Heroes in their own story

Graphic via NBC. News.

NBC exit polling (above) shows that voters under 45 (and particularly under 30) turned out heavily for Democrats on Tuesday. Another early estimate showed midterm turnout among voters 18-29, even if below that of 2018, was the second highest in three decades (NPR):

About 27% of voters between the ages of 18-29 cast a ballot in the midterm election this year, according to an early estimate from the Center for Information and Research on Civic Learning and Engagement at Tufts University, also known as CIRCLE.

Researchers say the 2022 election had the second highest voter turnout among voters under 30 in at least the past three decades. So far, the highest turnout during a midterm for this voting bloc is 2018 when about 31% of young people who are eligible to vote cast a ballot.

During a briefing Thursday, Abby Kiesa — deputy director at CIRCLE — said 2018 remains “a high-water mark” for youth voter turnout during midterms in the U.S. since at least since the 1970s. Historically, youth voter turnout has hovered around 20% during midterm elections.

Youth turnout in North Carolina may not have reached as high as hoped, reports ABC Raleigh. Cheri Beasley surely felt it:

In North Carolina — 53% of newly registered voters were under 35 — more than double the last election. But while younger voters historically skew toward Democrats, they did not turnout in North Carolina in as high a number as other parts of the country.

That said, let us celebrate their engagement. Be sure younger voters know that their votes mattered in holding the line against an antidemocratic cult intent on collapsing constitutional order.

NPR again:

Young voters also had a significant influence on election outcomes in some of the key races in those battleground states.

According to CIRCLE, young people preferred Democratic candidates by a 28-point margin, which helped Democrats in statewide races that include the Pennsylvania U.S. Senate race and the Wisconsin gubernatorial race.

“Young people stood along in supporting, decisively, a Democratic statewide race candidate,” said Kei Kawashima-Ginsberg, the group’s director. “The result is that [young people] kept the races really close and in some cases we think they will decide the outcome of the race.”

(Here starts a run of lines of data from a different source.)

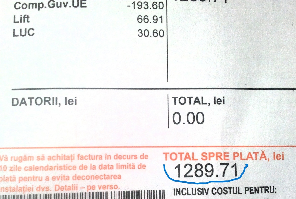Удивительно, но многие пенсионеры предпочитают не получать выплаты на карты, мотивируя это тем, что на рынках платижными картами не расплачиваются. При получении очередной суммы, состоящей из 2274 леев (это около 10800 рублей), реальность расходов заливает тревогой. Напоминает о себе и весомый счет за электричество, который в этот раз составил 1290 леев (6140 рублей). Большая часть пенсии уходит на оплату коммунальных услуг, оставляя пенсионеру всего лишь 974 лея для покупок.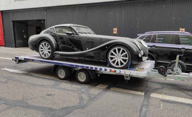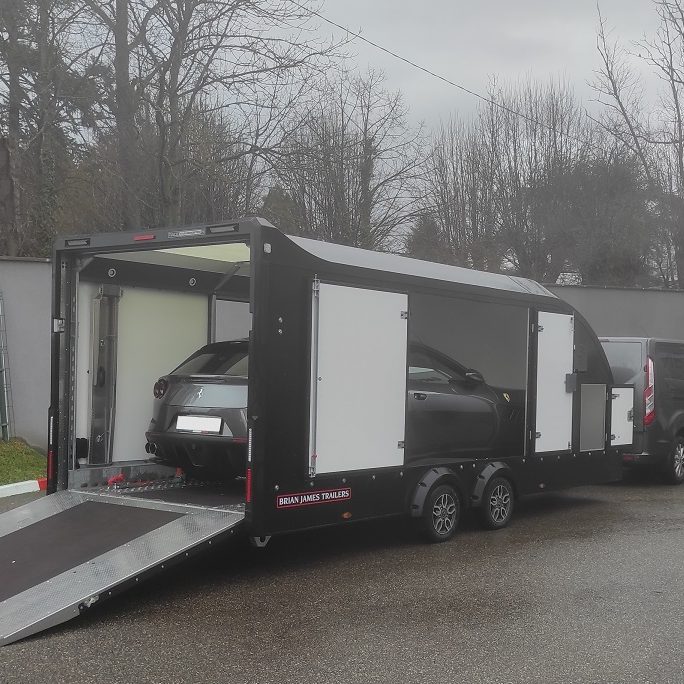 Livraison, récupération de votre véhicule partout en France sur une remorque plateau fermé et discrète "Brian & James", tracté par un véhicule utilitaire Ford Transit.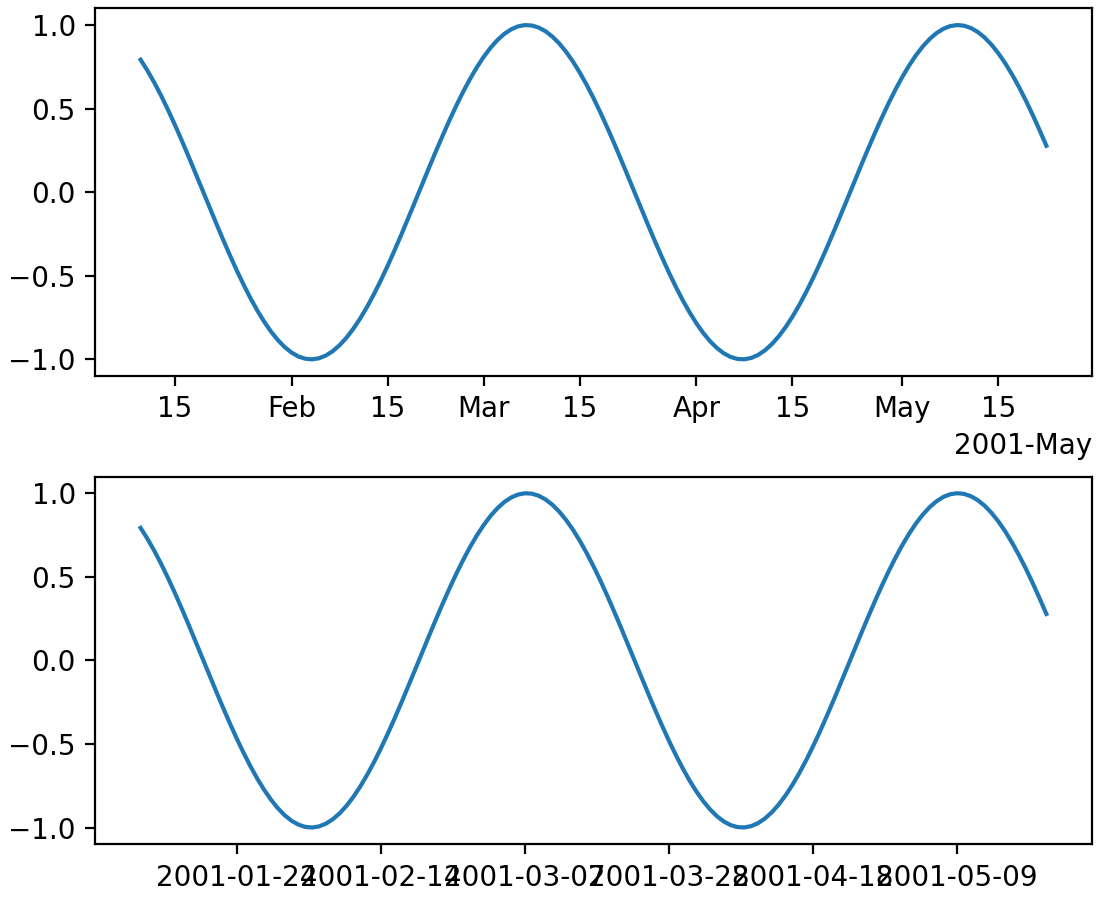 Das neue rcParams["date.converter"] (Standard: 'auto') ermöglicht das Umschalten zwischen matplotlib.dates.DateConverter und matplotlib.dates.ConciseDateConverter unter Verwendung der Zeichenfolgen 'auto' bzw. 'concise'.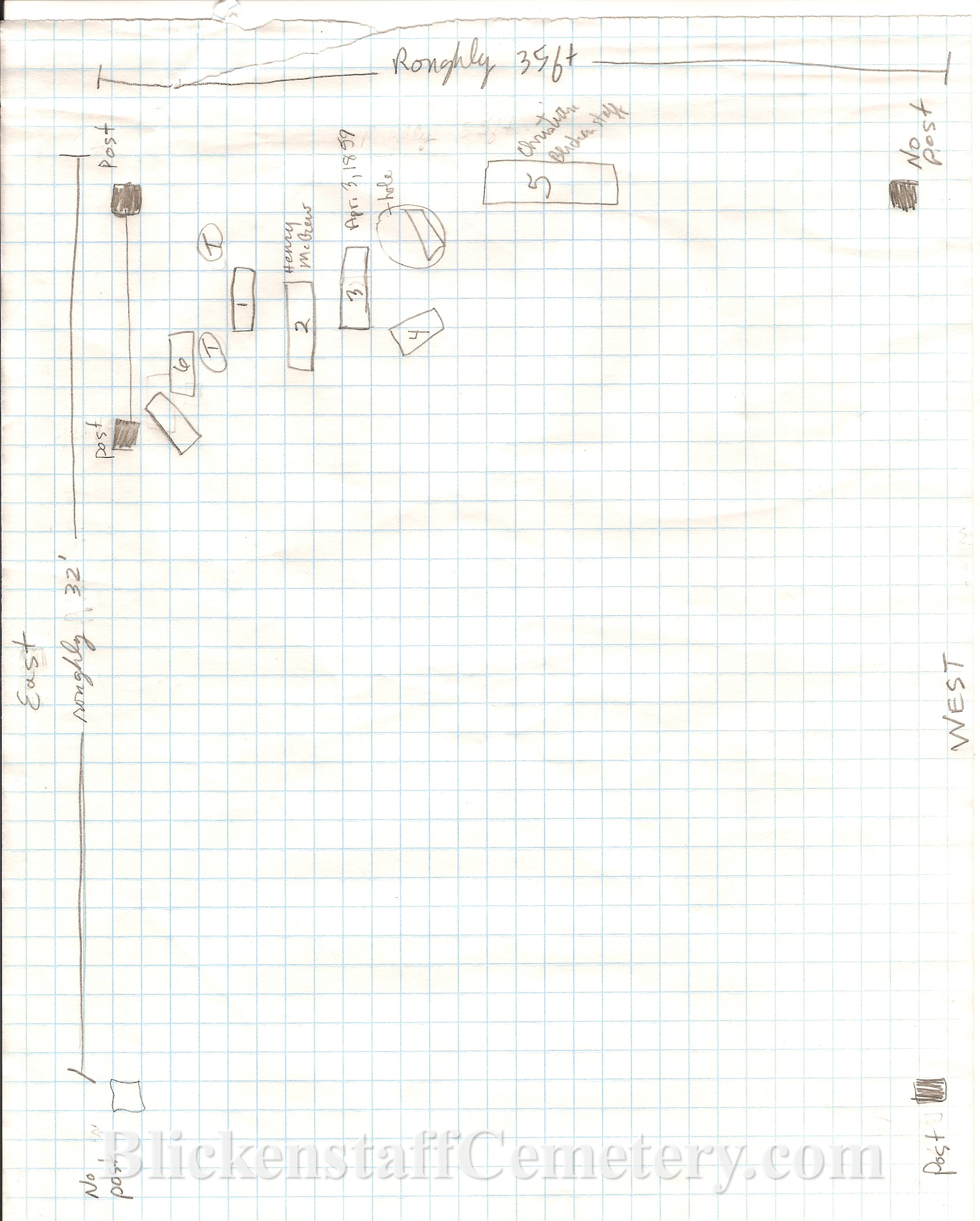 corner posts were still standing marking corners of an area approximately 35 feet square (although the cemetery deed appears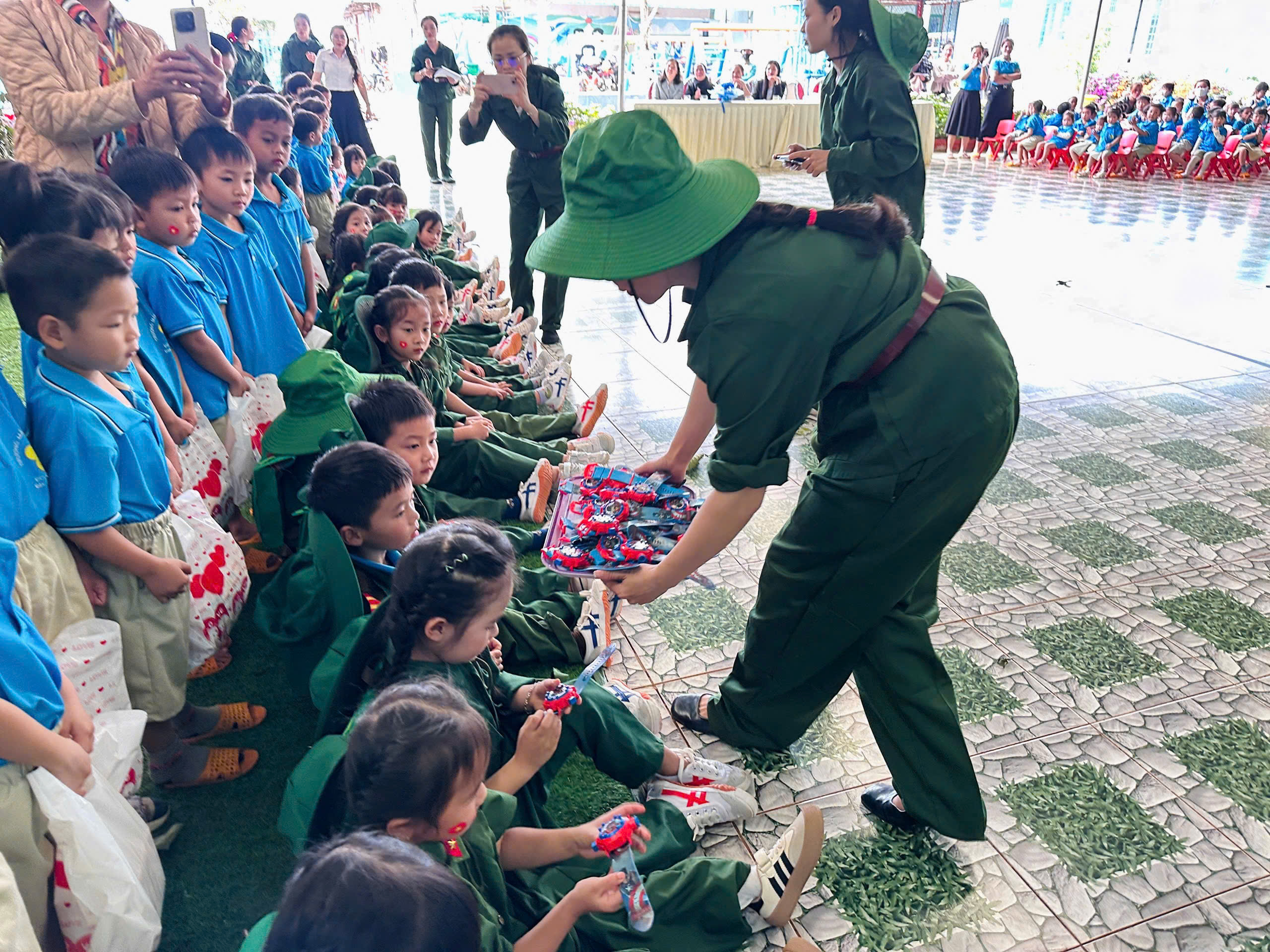 Điểm nhấn đầy yêu thương của chương trình là hoạt động trao quà cho các bé có hoàn cảnh khó khăn, thể hiện sự quan tâm, sẻ chia của nhà trường, giáo viên và phụ huynh, góp phần gieo vào lòng trẻ những hạt mầm nhân ái, biết yêu thương và giúp đỡ bạn bè.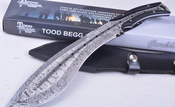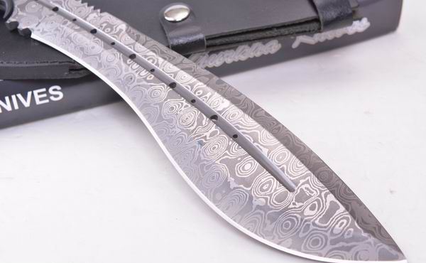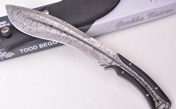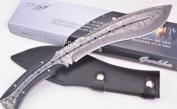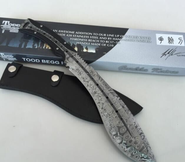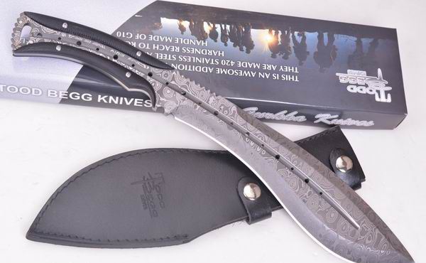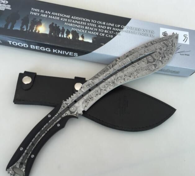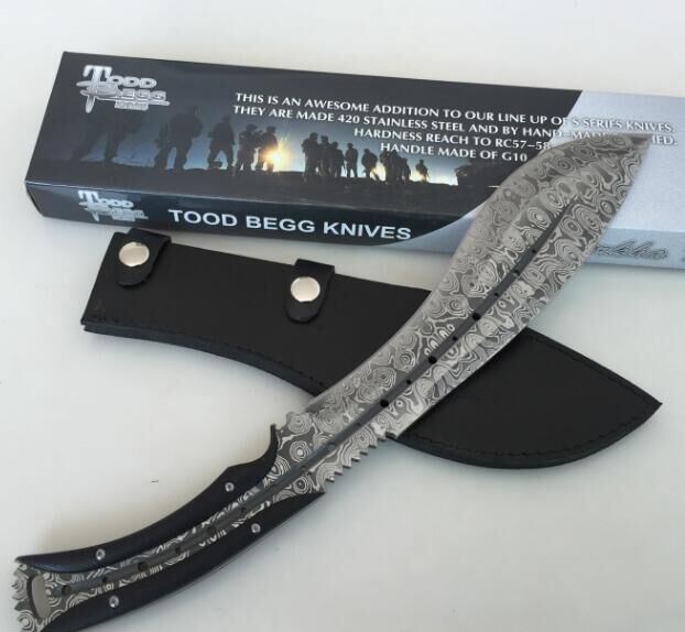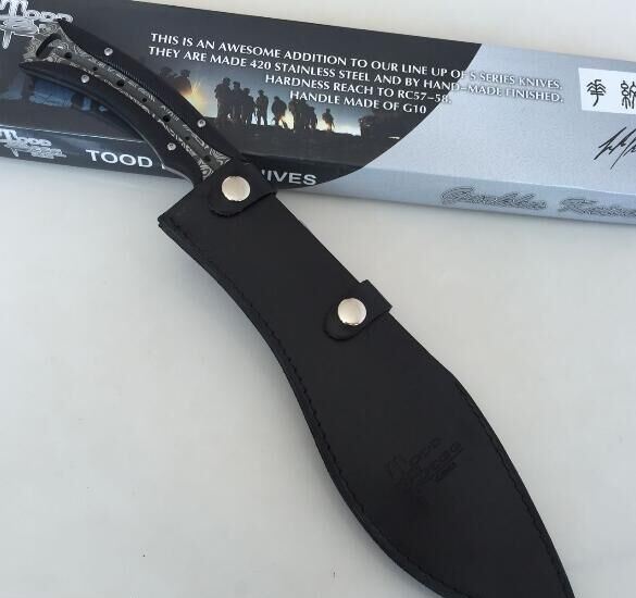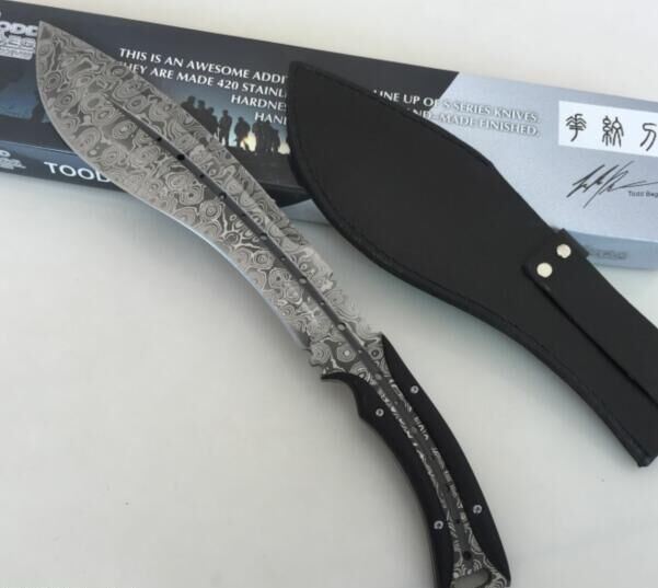 托德征服者狗腿刀(水波纹) 全 长:39cm 刃 长:24cm 刃 宽:6cm(最宽处) 刃 厚:6.2mm 柄 长:13cm 表 面: 腐蚀纹 刃 材: 5Cr15 硬 度: 58HRC 柄 材: G10防滑柄片 结 构:龙骨一体贯穿整体 重 量:800克(含包装) 包 装:皮套+彩盒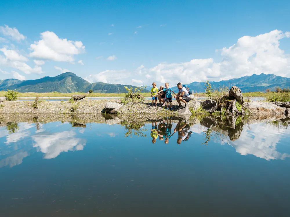Entweder startet man in Zell am See oder fährt mit dem cityXpress zur Mittelstation. Der Speicherteich eignet sich perfekt für eine Abkühlung oder einen gemütlichen Rundgang. An den Teichen findet sich auch die ein oder andere Überraschung für die kleinen Gäste. Wer vor dem Sprung ins kühle Nass noch etwas ins Schwitzen kommen will, empfehlen wir die 4-Seen-Wanderung. Zuerst geht es mit der Schmittenhöhebahn auf den Gipfel der Schmittenhöhe. Mit tollem Ausblick auf das Kitzsteinhorn und seine benachbarten 3000er Gipfel geht es talwärts vorbei an unseren drei Seen.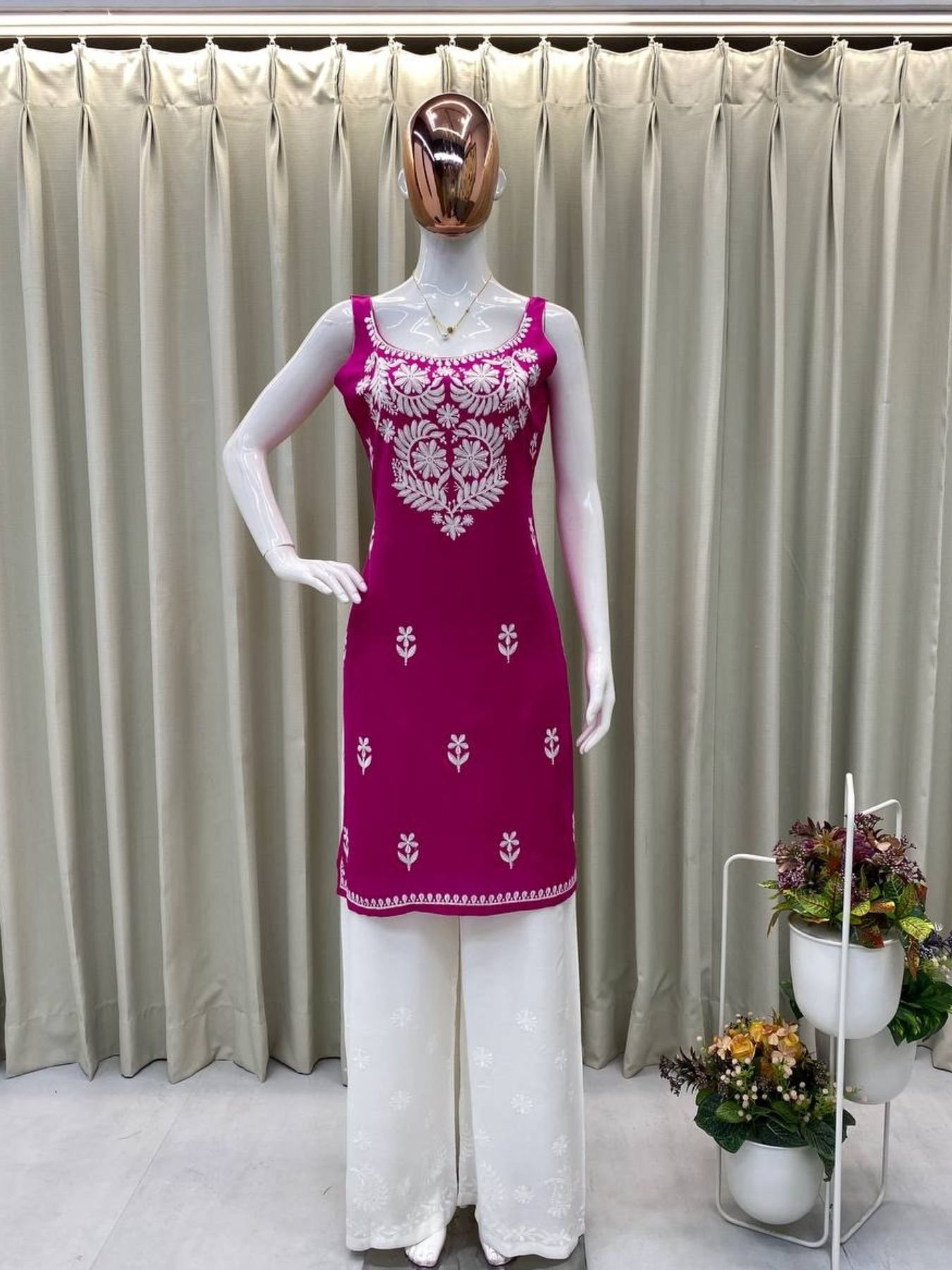 Magenta Pink Chikankari Kurti Set with White Palazzo Vibrant Look for Elegant Days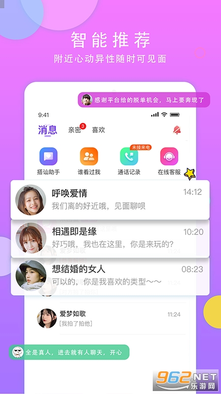 拥有海量的单身异性用户提供给你进行查看跟交友,从而帮助你快速的遇见自己的另外一半

Why support Democrats? Republicans have nothing to offer younger people, Victor Shi, co-host of the iGen Politics Podcast, told MSNBC this week. Republicans vote against climate change, gun reforms, abortion care, and other issues that matter to younger voters. The Dobbs decision made politics real, brought it home. They felt it viscerally.

https://twitter.com/Victorshi2020/status/1590950445098635267?s=20&t=AlH0MOs3UqJWh5o11ZYbpw

You can be at the table or on the menu, as the saying goes. This election, younger voters chose to be at the table.

Not that voters under 45 cannot occupy more chairs (to drag out the metaphor). Thirty-four percent of Tuesday’s turnout was game-changing. But that only demonstrates how much more political weight beleaguered Millennials and Gen Z might throw around and what they might accomplish by doing so. Democrats need to pull out more chairs for them.

Why aren’t all states’ voting data as accessible as NC’s?

This graphic you’ve seen multiple times (above) does not represent North Carolina alone. Your states’ curves look similar. In the 2022 midterms, voters under 45 represented 34 percent of the vote. But by voting-age population, they represent more like 50 percent of potential voting strength.

How does it feel to save the country? Pretty damned good? Think of how it might feel to make it yours every day.